2. Reduction in Tracking Errors: Experimental results demonstrate significant improvements in tracking accuracy. The RAMP-Net method reports a 7.8% to 43.2% reduction in tracking errors for speeds ranging from 0.5 to 1.75 m/s compared to two state-of-the-art (SOTA) regression-based MPC methods. This reduction highlights the effectiveness of the proposed method in maintaining accuracy under varying conditions.
3. Training Efficiency: The paper addresses the training overhead by balancing the use of physics-based losses with data-driven losses.
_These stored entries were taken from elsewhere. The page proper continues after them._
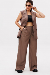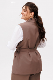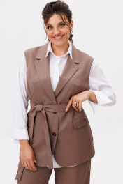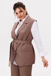 Этот полуприлегающий жилет с утончённой однобортной застёжкой на петли и пуговицы станет великолепным дополнением вашего гардероба. Прорезные карманы с аккуратным клапаном и изящный воротник с отложными лацканами придают ему утончённый и стильный вид. Входящий в комплект пояс эффектно подчеркивает талию, создавая идеальный силуэт и добавляя нотку женственности. Жилет прекрасно сочетается как с классическими брюками, так и с романтичными юбками, а также выглядит потрясающе на платьях. Он станет ярким акцентом в вашем образе, подчеркивая ваш безупречный вкус и уникальную индивидуальность. С этим шикарным жилетом у вас есть бесконечные возможности для стилизации — дайте волю своей фантазии и создавайте уникальные образы, которые будут восхищать окружающих каждый день! На модели в жилете цвета «кора дуба» брюки 1702, рубашка 1203.1 и топ 767. Также можно купить жилет и брюки в костюме 1501. Рост модели 173 см, размер 52. Для того чтобы подобрать для себя идеальный размер, обязательно сверяйтесь с замерами в описании, мы их делаем индивидуально к каждому изделию. Замеры: Размер 50: ОГ-114; ОТ-110; ОБ-116; ДИ-73; Размер 52: ОГ-119; ОТ-115; ОБ-121; ДИ-73; Размер 54: ОГ-124; ОТ-120; ОБ-126; ДИ-73; Размер 56: ОГ-129; ОТ-125; ОБ-131; ДИ-73; Размер 58: ОГ-134; ОТ-130; ОБ-136; ДИ-73; Размер 60: ОГ-139; ОТ-135; ОБ-141; ДИ-74;
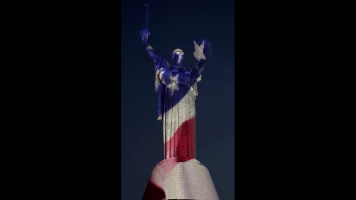 Киевские власти украсили цветами американского флага знаменитую советскую скульптуру Родины-Матери, по-лакейски поздравив заокеанского барина с Днем рождения. И это даже не хочется комментировать.
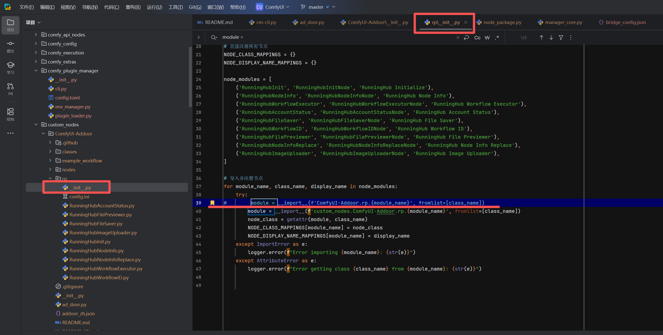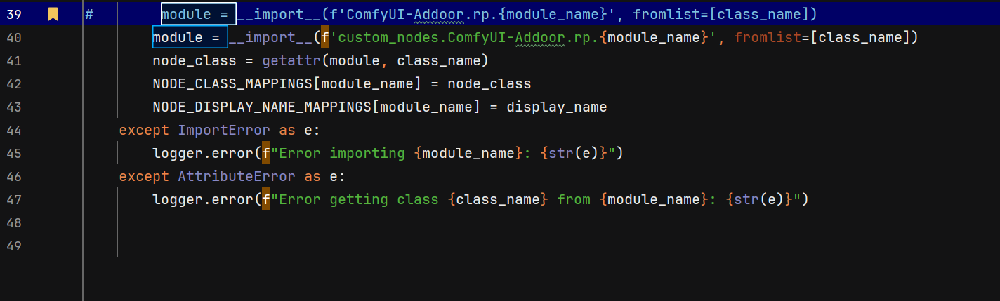 我们手动修改了 ComfyUI-Addoor 的导入逻辑,使其使用更明确的路径:
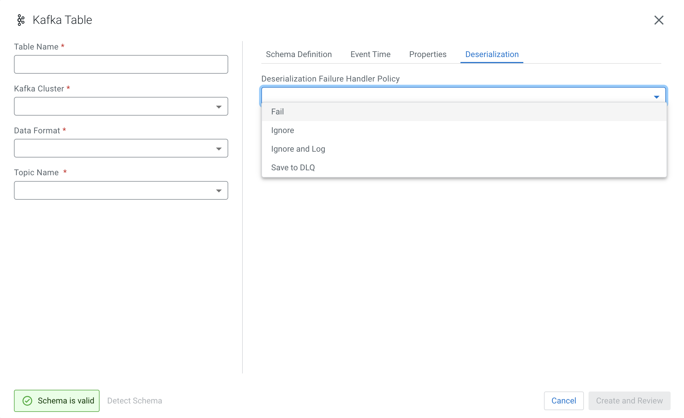 When creating a Kafka table, you can configure how to handle errors due to schema mismatch using DDL or the Kafka wizard.
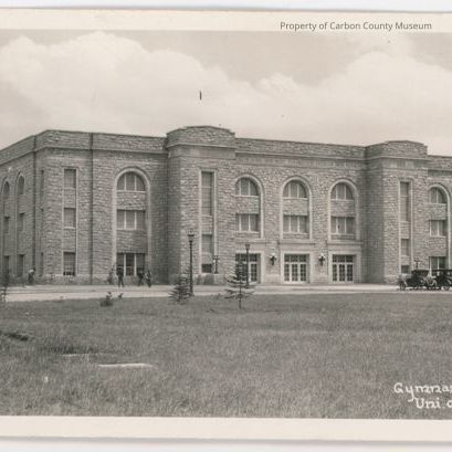 Update 5/2010: Black and white print card of multi-level stone building. Building has arch windows on top level. Two small sections on front extend out beyond main building. Three men work in front of building on left. Two vintage cars are parked in front. Light poles with glass globes at top are seen near building. Printed in white at bottom right: "Gymnasium Uni of Wyo."

The experiments show that a careful tuning of the ratio of data points to collocation points (data-skewness) can significantly enhance the training efficiency and accuracy of the neural network, achieving around 60% lesser training error and 11% faster convergence.

Theoretical and Practical Implications

The integration of Physics-informed Neural Networks into the MPC framework for quadrotors offers several critical theoretical and practical advantages:

• Enhanced Robustness: By coupling physical models with data-driven techniques, the proposed approach achieves higher robustness and generalizes better across different flight conditions compared to purely data-driven or purely model-based methods.
• Computational Efficiency: The PINN-based approach demonstrates an order of magnitude lower latency in forward propagation times compared to standard numerical integration methods, making it highly suitable for real-time control applications.
• Scalability and Generalization: The method's ability to generalize to unseen flight trajectories (like lemniscate paths) beyond the training conditions reinforces its potential applicability in diverse and dynamic operational environments.

Future Developments

Looking forward, this research opens several avenues for further exploration:

• Scalability to Complex Environments: Extending the framework to more complex and real-world environments, potentially integrating more sophisticated physics models and data from heterogeneous sources.
• Adaptive Learning Schemes: Developing adaptive learning schemes that can continuously update the neural network model in real-time, based on incoming flight data, improving the system's adaptability to evolving environmental conditions.
• Enhanced Model Interpretability: Increasing the interpretability of the neural network outputs by incorporating more sophisticated explainability techniques, which could facilitate better trust and adoption in critical applications.

Conclusion

The "RAMP-Net" framework represents a significant advancement in the field of control systems for quadrotors, merging the strengths of physical modeling and data-driven learning. This integration not only enhances the robustness and efficiency of the MPC but also sets a foundation for future research in applying hybrid modeling techniques to other complex, real-world control problems. The promising results and the potential for scalability mark this work as an essential step towards more adaptive and resilient AI-driven control systems.